Hi, I am trying to run geometry optimization of different dimer complexes. The same code which worked for methanol-water is now giving an “atoms too close” error for methanol-acetone. The input structure looks good without any atoms too close and in the process of debugging, I found that the psi4mol geometry array had all elements exactly the same in contrast to the input file that it read. Specifically, the number seems to be the X coordinate of the first atom in Bohr units. Could anyone please advise me if and what I am missing here.

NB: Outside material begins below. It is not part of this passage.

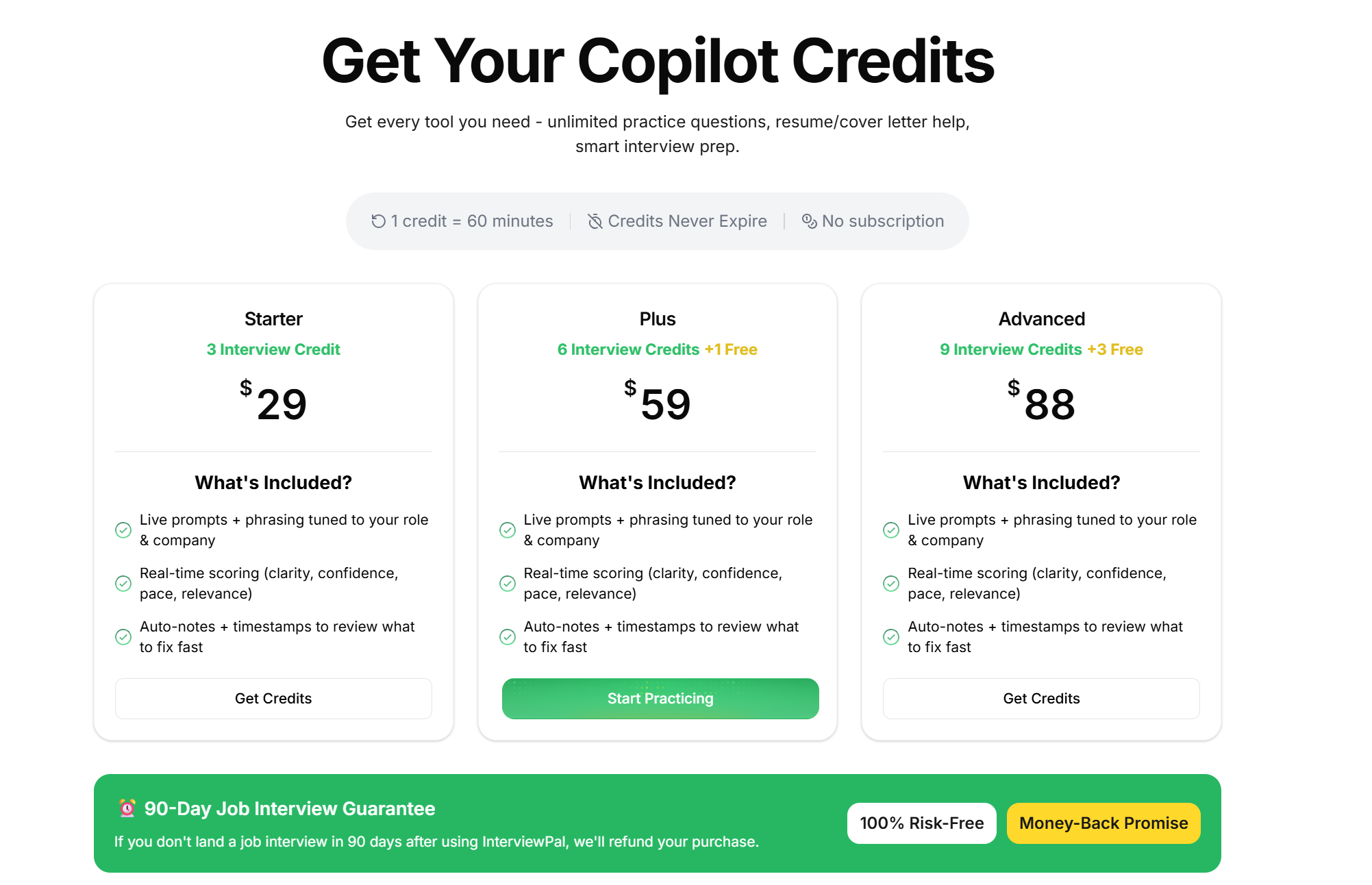 InterviewPal only offers subscription plans based on credits. Honestly, it's quite affordable, but I wouldn't pay for it. First, each session has a time limit. If my behavioral interview runs long, I can't hang up and resume after resubscribing. Second, InterviewPal only supports behavioral interviews and isn't particularly user-friendly. Had I seen the reviews on Reddit before subscribing, I definitely wouldn't have paid.

Below is the example code to reproduce this.
import numpy as np
import psi4
import optking
init_xyz = """
O -1.1191 0.1187 -0.6446
C -1.1191 0.1187 0.5854
C -1.1191 -1.1627 1.3747
C -1.1191 1.4000 1.3747
H -0.2228 1.4460 1.9986
H -2.0153 -1.2086 1.9986
H -1.1191 -2.0171 0.6914
H -0.2228 -1.2087 1.9986
H -1.1191 2.2544 0.6915
H -2.0153 1.4460 1.9986
--
H 0.8809 0.1187 -0.6446
O 1.8529 0.1187 -0.6446
C 2.2691 -0.5581 -1.8168
H 3.3615 -0.5762 -1.8481
H 1.8901 -0.0317 -2.6965
H 1.8901 -1.5831 -1.8008
nocom
unit angstrom
"""
# Build the psi4 molecule.
MT_mol = psi4.geometry(init_xyz)
print("MT_mol:", MT_mol.save_string_xyz()) # looks good
#MT_mol.activate_all_fragments()
MT_mol.fix_orientation(True)
#MT_mol.fix_com(True)
# print(MT_mol.get_fragments()) # looks good: [(0, 10), (10, 16)]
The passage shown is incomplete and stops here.